1. 程式人生 > >實現抓取網頁圖片(JAVA實現)

實現抓取網頁圖片(JAVA實現)

    最近學習網頁設計,想仿網路上的一個頁面,圖片素材一個一個地儲存起來太麻煩。就想著裡利用JAVA來實現一個小小的網頁圖片爬蟲,程式碼很簡單,不一會兒就實現了,但是當我訪問https協議的圖片時,一直報javax.net.ssl.SSLKeyException異常,到我儲存圖片的目錄,http協議的已經爬取下來了,但https的沒有。花了三天,還是一直卡這個異常。一直百度,Google找了很久。看大神們的部落格原始碼,一個個寫的都差不多,我也照著寫了一遍,但是就是沒有找到辦法實現HTTPS的訪問一直出現javax.net.ssl.SSLKeyException。

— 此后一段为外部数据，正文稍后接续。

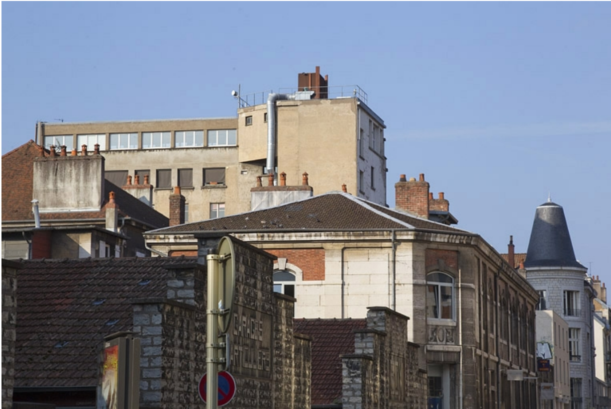
Façade postérieure : vue éloignée.

25, Besançon, 26 rue Proudhon, lieudit : îlot Pierre Bayle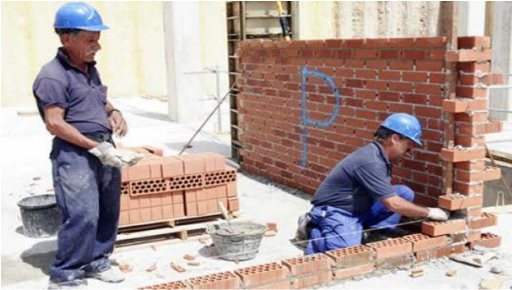
Ilustración 10: Mampostería de Extremos Irregulares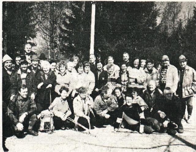
Pohodniki-planinci in upokoenci iz Kamnika, Komende in Moravč.

Vas vabi vsak dan, tudi ob sobotah in nedeljah, od 7. do 22. ure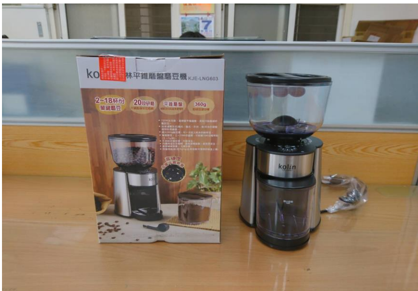
巷埔里磨豆機購置計畫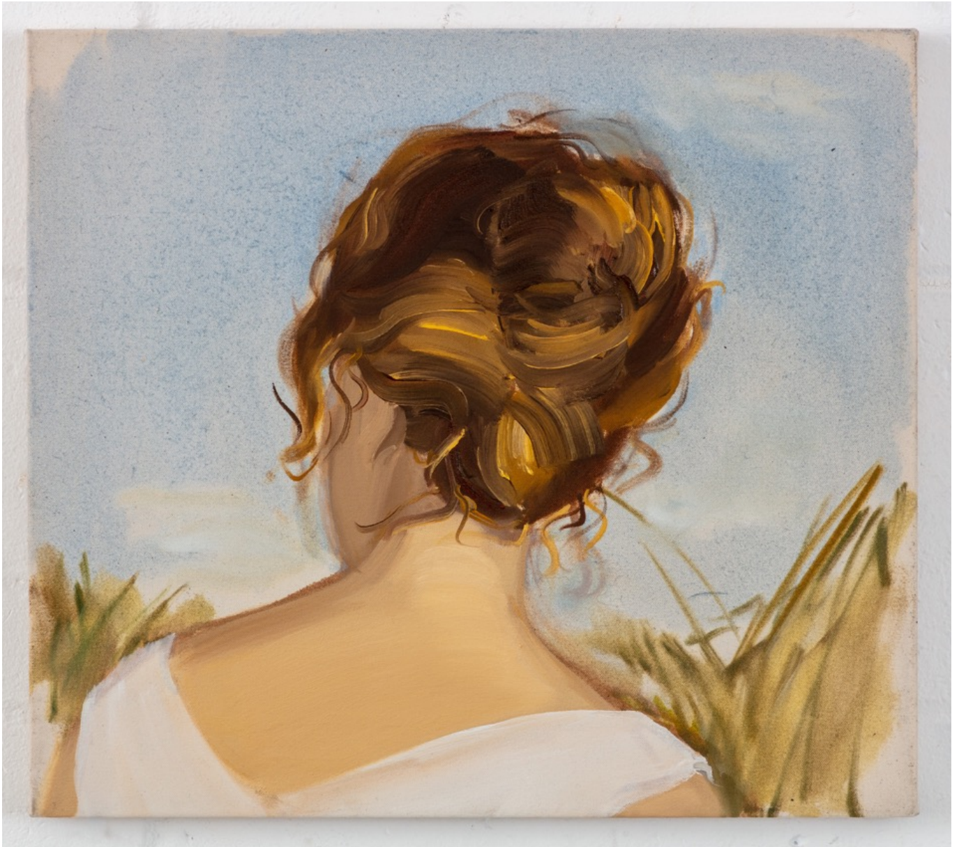
White Dress, 2023, キャンバスに油彩, 40.5 x 45.5cm ©Gideon Rubin / MAHO KUBOTA GALLERY

MAHO KUBOTA GALLERY は4月7日よりギデオン・ルービンの個展「夏の終わりの日」を開催いたします。ルービンの日本では初めての個展となるこの展覧会では11点の新作ペインティングを展示いたします。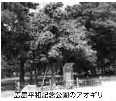
広島平和記念公園のアオギリ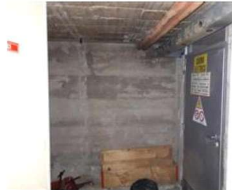
Cabina elettrica PS2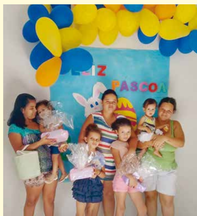
Mães e crianças participantes da festa da Páscoa no Cras

O Cras Nova Era localiza-se na Rua Pernambuco, nº 610, Vila Regina. O telefone da unidade é 3462-7016.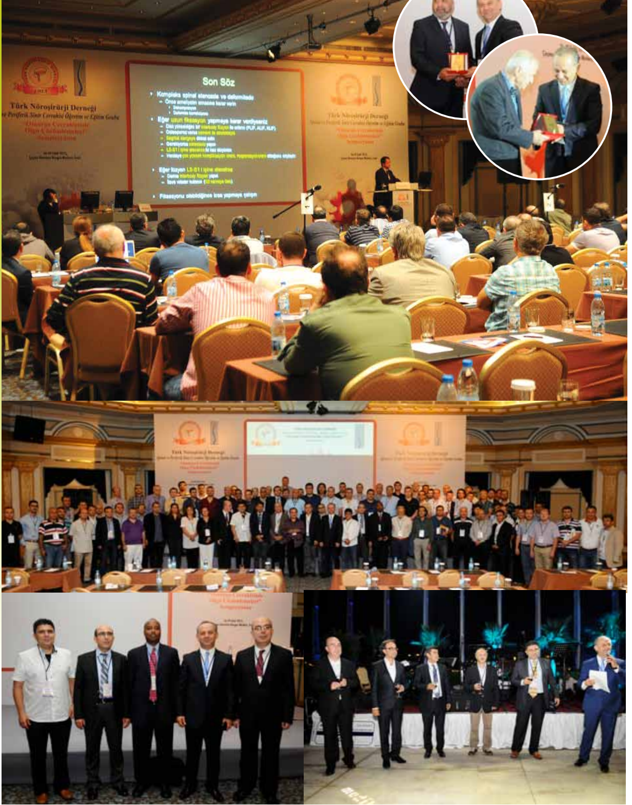
26 – 29 Eylül 2013, İzmir Çeşme Sheraton Kongre Merkezinde, “Olgu Çözümlenmeleri” Sempozyumu düzenlendi. 1’i yurtdışı 65 konuşmacının görev aldığı sempozyumda 358 katılımcı mevcuttu.

    沒辦法,不能只是copy,找了很多教程發現原來http與https是有區別的。簡單理解就是https是一種加密的http,也就是在HTTP上加入了SSL協議,SSL依靠證書與伺服器進行驗證,從而進行客戶端與伺服器之間的資料通訊加密,……。切入正題,要進行HTTPS的連線就必須驗證證書。但是證書我們沒有,所想要連線就必須獲得證書。獲取網頁證書其實也挺簡單,訪問https網站時,瀏覽器地址視窗會有個綠色小鎖標誌,


檢視證書


 點選複製到檔案……,就可以儲存到本地。儲存到本地後在連線https的時候讀取證書檔案作為驗證就可以連線到https了,不過這一方法我沒有寫,因為每抓取一個網站的圖片就要獲取這個網站的證書,還是有點麻煩的。所以我我使用的是下面是第二種方法:跳過證書驗證,即訪問任何HTTPS網站都不需要驗證證書,雖然說不安全,但是對於只是爬取圖片來說,沒差了。廢話不多說上程式碼

  1. 跳過SSL證書驗證方法
public static SSLSocketFactory createSSL() throws KeyManagementException, NoSuchAlgorithmException, NoSuchProviderException, KeyStoreException, CertificateException, FileNotFoundException, IOException{
		TrustManager[] tm =new TrustManager[]{
				myTrustManager
		};
		SSLContext sslContext = SSLContext.getInstance("TLS");
		sslContext.init(null, tm, null);
		SSLSocketFactory ssf = sslContext.getSocketFactory();
		HttpsURLConnection.setDefaultHostnameVerifier(ignoreHostnameVerifier);
		HttpsURLConnection.setDefaultSSLSocketFactory(sslContext.getSocketFactory());
		return ssf;
	}
	public static TrustManager myTrustManager = new X509TrustManager()
	{
		@Override
		public void checkClientTrusted(X509Certificate[] arg0, String arg1) throws CertificateException {}

		@Override
		public void checkServerTrusted(X509Certificate[] arg0, String arg1){}

		@Override
		public X509Certificate[] getAcceptedIssuers() {
			return null;
		}
	};    

    這就實現了HTTPS連線時的驗證問題。其實網上的程式碼也是如此,但是我就是在這個地方卡了很久,網上搜索的程式碼都是這個型別。但是都沒有提到我接下來遇到的問題。我覺得這個問題雖然很小,但是對於新手來說很致命,就像我一樣,所以我自己需要記下來,順便可以分享給同樣遇到這個問題的朋友。程式碼正確但卻又報javax.net.ssl.SSLKeyException異常。其實關鍵在於Jre中lib/ext資料夾中的檔案,具體為什麼我也不清楚,搜尋問題是有人提到這個資料夾,所以我就試了試。我把這個資料夾的內容匯入到Eclipse專案中,但是問題還是沒有解決,所以我對比了一下java安裝目錄下JDK和JRE,發現JRE/lib包含的東西比JDK中的東西多,好吧其實我也不懂。就報著嘗試的態度把專案中的JAVA執行環境改成JRE,想不到執行可以了,簡直不可思議。在專案中右擊執行方式,英文版的是好像是RunAS,開啟執行配置,選JRE,選擇備用JRE,點選已安裝


    點進去後新增(Add)JRE,JRE主目錄填寫JRE安裝的位置(非JDK),完成。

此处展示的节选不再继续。